YCW: A lack of transparency has always concerned investors and lenders in China, perhaps unjustifiably so. While the perception is changing, can you identify any obvious steps to be taken at the state and firm levels to speed up this process, or has all the low-hanging fruit been picked?
PG: Disclosures of public companies in China, particularly those listed abroad are pretty extensive. The greatest difficulty often lies in opaque ownership structures where it is hard to figure out who is ultimately in control.
One thing I have observed is that Chinese companies often do not do things in the most straightforward manner. For example, it is not uncommon to put the ownership of companies in the names of friends or relatives. I guess that gives people plausible deniability if problems come up, but it often scares investors and business partners who think they are trying to hide something. I think a lot of this is a legacy of earlier times when being a “capitalist roader” (走资派, zou zi pai) was a bad thing.
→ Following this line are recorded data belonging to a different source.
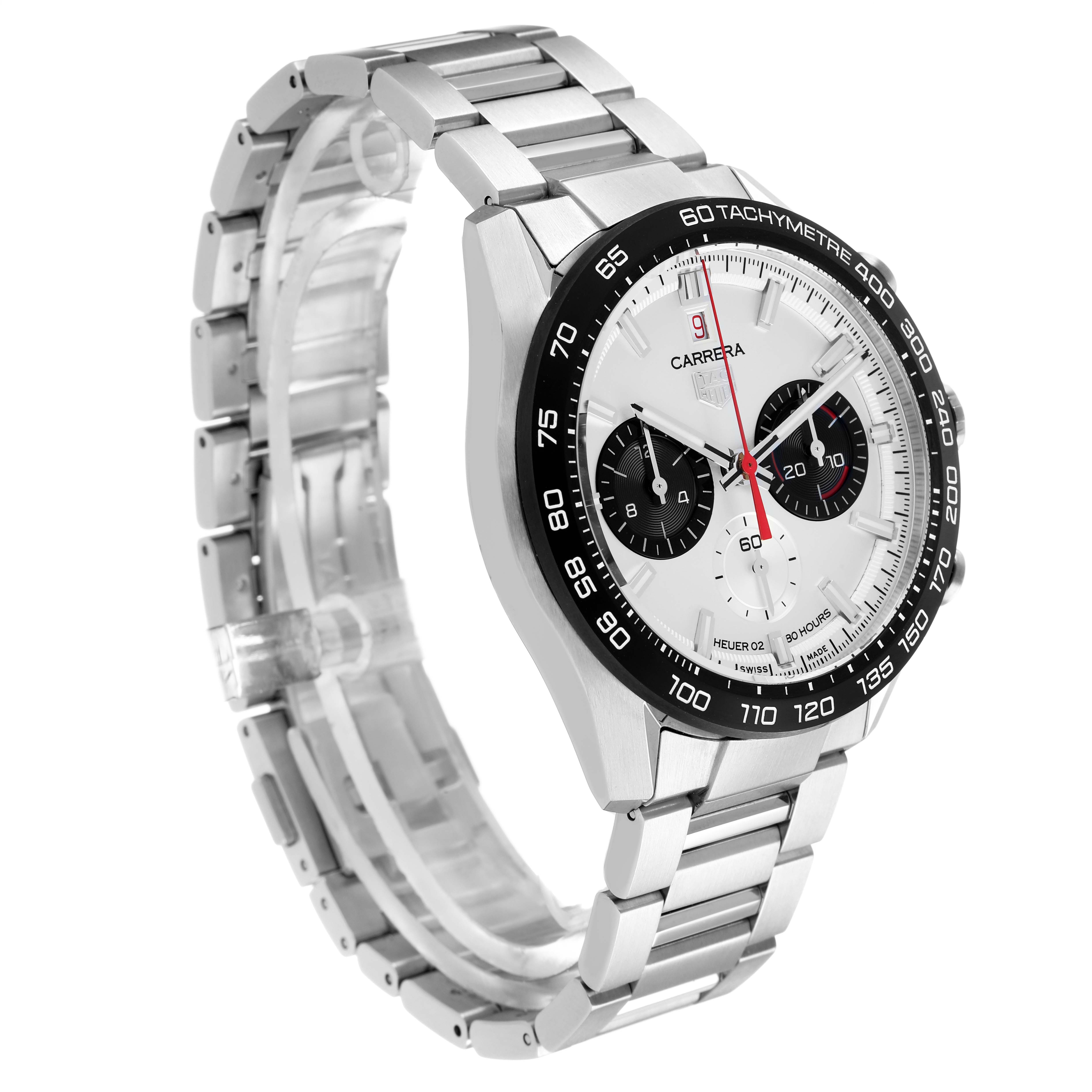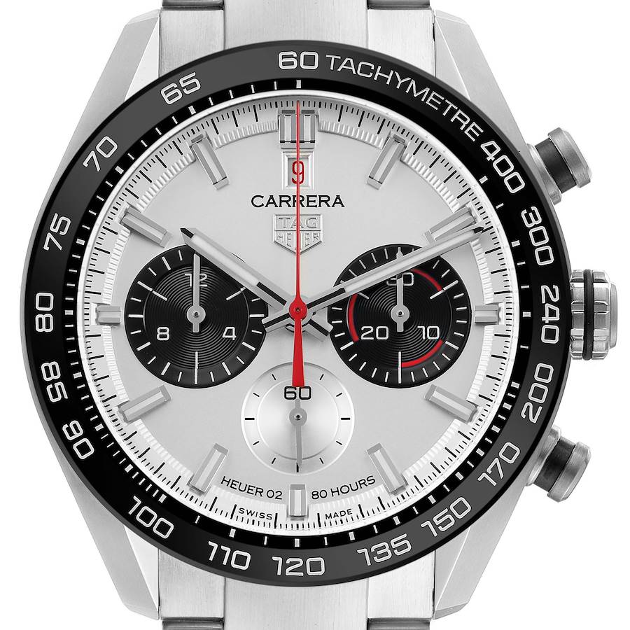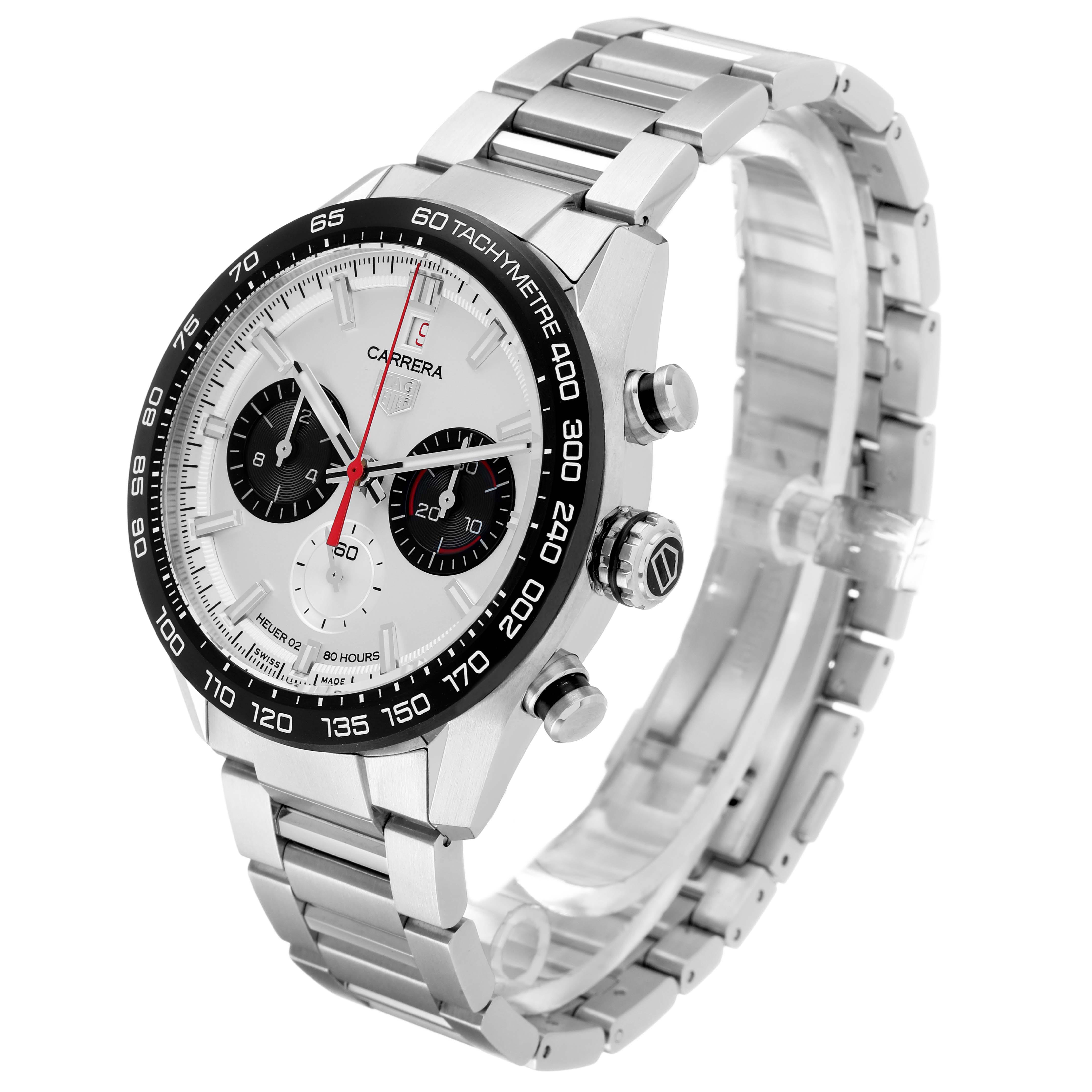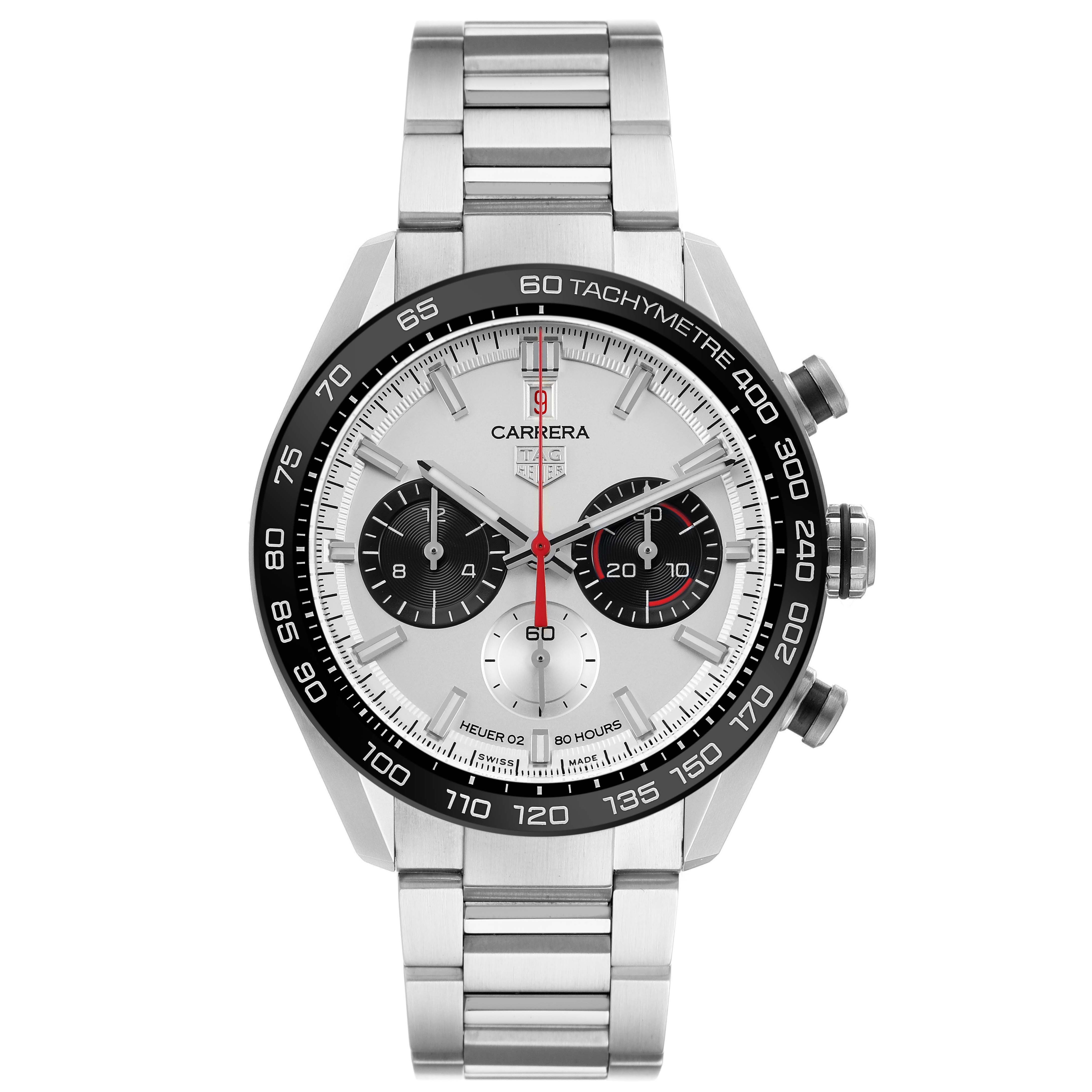 Tag Heuer Carrera Anniversary LE Steel Silver Dial Mens Watch CBN2A1D Box Card. Automatic self-winding chronograph movement. Stainless steel round case 44.0 mm in diameter. Transperent exhibition sapphire crystal case back. Two pushers operate the chronograph functions. Tag Heuer logo on the crown. Black ceramic bezel with the tachymeter scale. Scratch resistant sapphire crystal. Silver dial with luminescent index hour markers and hands. Three subdials -- running seconds and the 30-minute and 12-hour chronograph registers. Date calendar at the 12 o'clock aperture. Stainless steel bracelet with a double push-button deployant clasp. Fits an 8 1/2" wrist.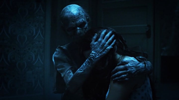 The evil entity in Insidious Chapter 3 has a terrific look, it's an elderly serial killer who wants Quinn's body to allow him to return to the living and let him get back to killing. The terror of aging combines with the terror of this horrible man's past to create a terrifying horror villain of strong motivation and horrific presentation. Whannell adds an element of Hitchcockian terror to the proceedings after the entity leads Quinn to being hit by a car, breaking both of her legs, and leaving her vulnerable and not unlike Jimmy Stewart's vigilant, endangered main character in Rear Window. It's a modest homage that perfectly suits the story of Insidious Chapter 3.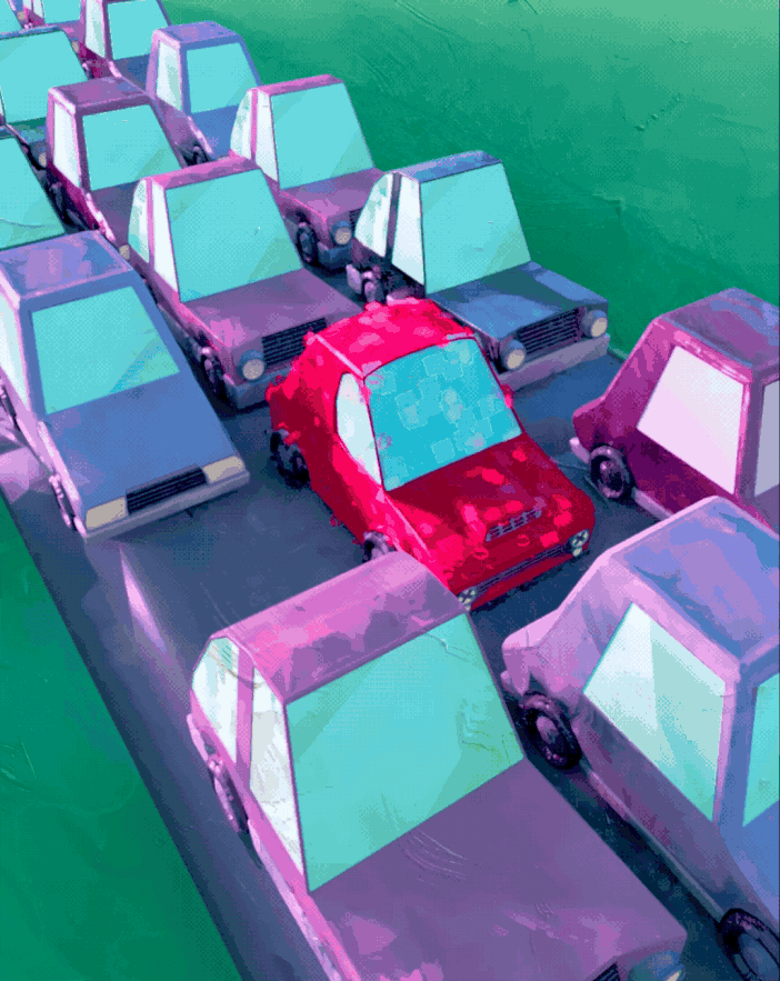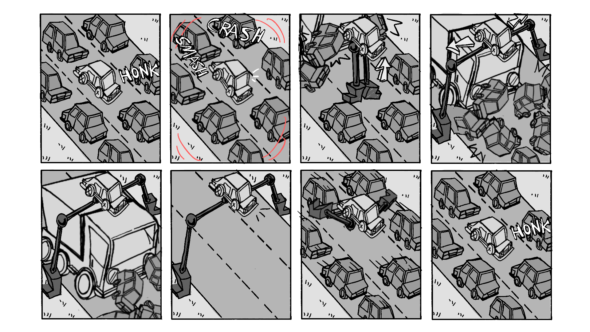 Stuck in traffic, a car grows impatient, honking nonstop, until a giant truck crashes through, running over the cars behind. To escape, the car sprouts legs and lets the truck pass beneath. Relieved, it celebrates, only for the traffic to reset beneath it, restarting the loop.

One of my goals is to “keep kids off the street”, and the street in that case is Wall Street.
YCW: Many Young China Watchers aspire to a career in China. As the co-director of the Guanghua School of Management at Peking University, what advice do you routinely give your most promising students?
PG: One of my goals is to “keep kids off the street”, and the street in that case is Wall Street. Too many of our promising graduates pursue careers in finance because that is high-paying and something we teach well. But the world needs their skills in other areas to make the world a better place. I want to see students devote their lives to making other people’s lives better. I am seeing more students pursuing careers with startups that are doing that. We offer courses in social entrepreneurship and Chinese culture, and increasingly I see students who are more focused on making a positive impact on our world.
For foreign students, I tell them that they will not succeed in China without strong language and cultural skills. I got by without them, but I am the last of that breed. In addition, they need to bring something to the table—deep skills in some functional business area. It is hard to develop those skills as a foreigner in China, so often it makes sense to start their career back home and then return to China.